Perch was forced to surface, and if Amatsukaze and Hatsukaze had mortally wounded her, Ushio and Sazanami had left her bordering on the line of sinking. Upon resurfacing, seawater flooded the pressure hull, leaked in heat and humidity made the ship's interior unbearable, and the ship was completely dead in the water. Damage control efforts eventually got just one of her four engines up and running, limiting Perch to just 5 knots. An attempt to dive was made, but it almost sank the ship then and there, and meaning the crew found out the hard way Perch was completely incapable of underwater travel and resurfaced for the last time.

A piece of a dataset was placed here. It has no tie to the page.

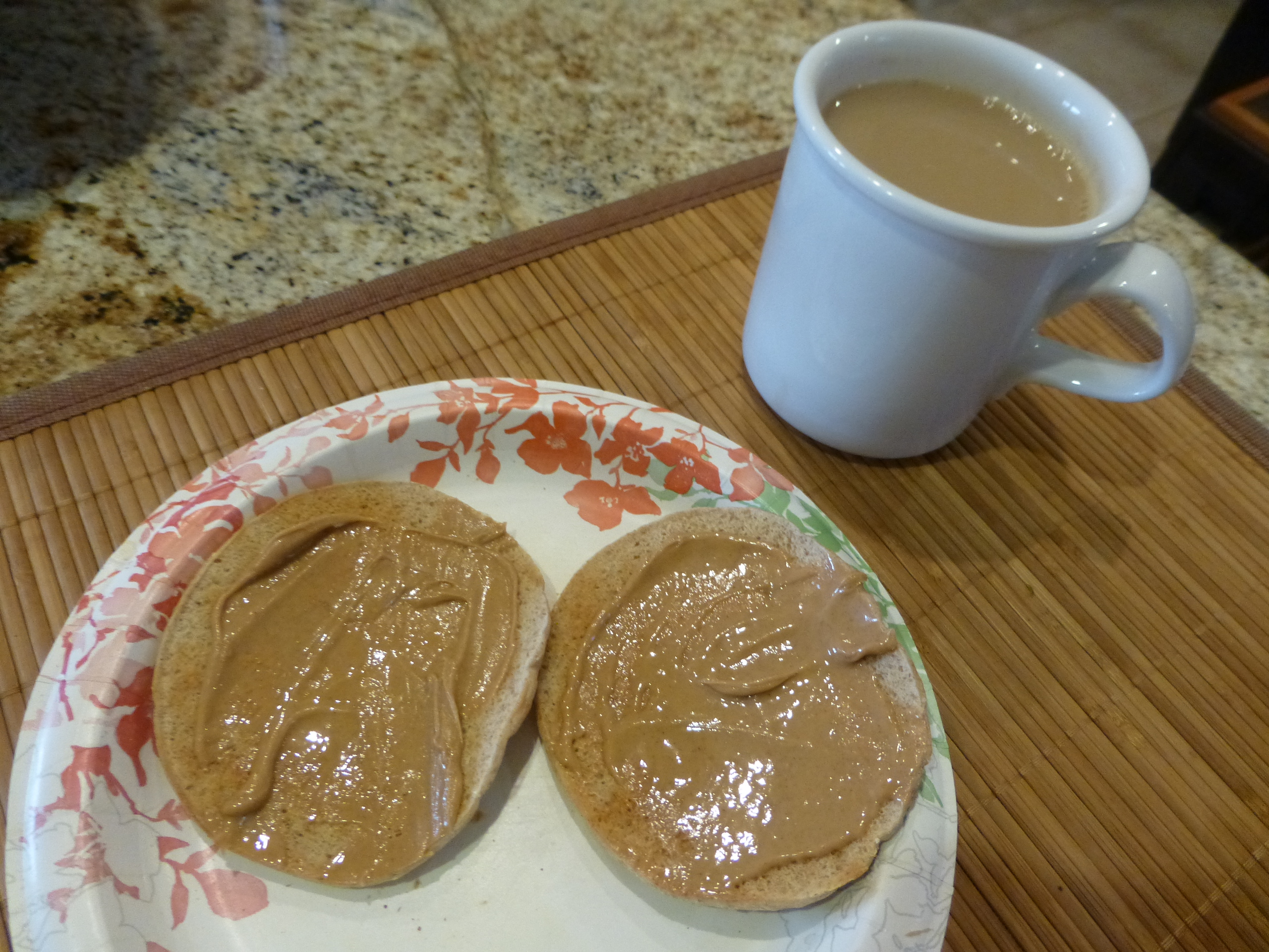 I decide to go with a toasted sandwich round and peanut butter for breakfast today. All the breakfasts I eat are about 200 calories but the PB breakfast has the most chance of creeping up. I always measure my portion carefully, scraping off the peanut butter that mounds up on my half tablespoon. I remind myself that peanut butter that sticks to the bottom of the spoon also is not mine to have. Each half of my toasted sandwich round gets a half tablespoon. Any peanut butter that is left on my half tablespoon measure is donated to John.

By the evening of the 3rd, the idea to simply scuttle Perch was brought up, but her crew held off the order as the crippled submarine desperately limped to repairs. While the crew was attempting to repair the watertight hatches on the deck, the Ushio and Sazanami, which were still on patrol duty, happened to run into the submarine yet again. Sazanami chose not to attack, but Ushio fired her main battery. As soon as the first shell hit the conning tower, several hull valves were opened in an attempt to scuttle the boat followed by her crew members jumping into the water one by one. Perch made her last dive as she slipped beneath the waves, followed by the destroyer ceasing fire. Perch's entire crew of 59 men escaped the ship and were struggling in the water when Ushio came to their rescue. All of the men were rescued by Ushio, which transported them to prison camps in the freshly captured Dutch East Indies. Besides 5 that died from malnutrition, all of them returned to their families on V-J Day.

===Wreck===
On 23 November 2006, Thanksgiving Day in the United States, the wreck of Perch was unexpectedly located by an international team of divers aboard MV Empress while searching for the wreck of the British heavy cruiser northwest of Bawean Island in the Java Sea. The expedition had hoped to locate and photograph the wreck of Exeter, sunk in the same area on 1 March 1942. The wreck of Perch was illegally salvaged sometime between 2012 and 2016 and no longer exists. Unlike the Dutch and British ships near her, which also were scavenged illegally, Perch was not a war grave, as she had been abandoned by her crew without fatalities.

==Awards==
- Asiatic-Pacific Campaign Medal with one battle star for World War II service

Lieutenant Kenneth G. Schacht was awarded a Navy Cross for assisting in the scuttling of Perch and therefore preventing the Japanese from capturing classified code books, materials, and equipment.

==In media==
Perch is the subject of an episode of the syndicated television anthology series The Silent Service, which aired in the United States during the 1957–1958 television season.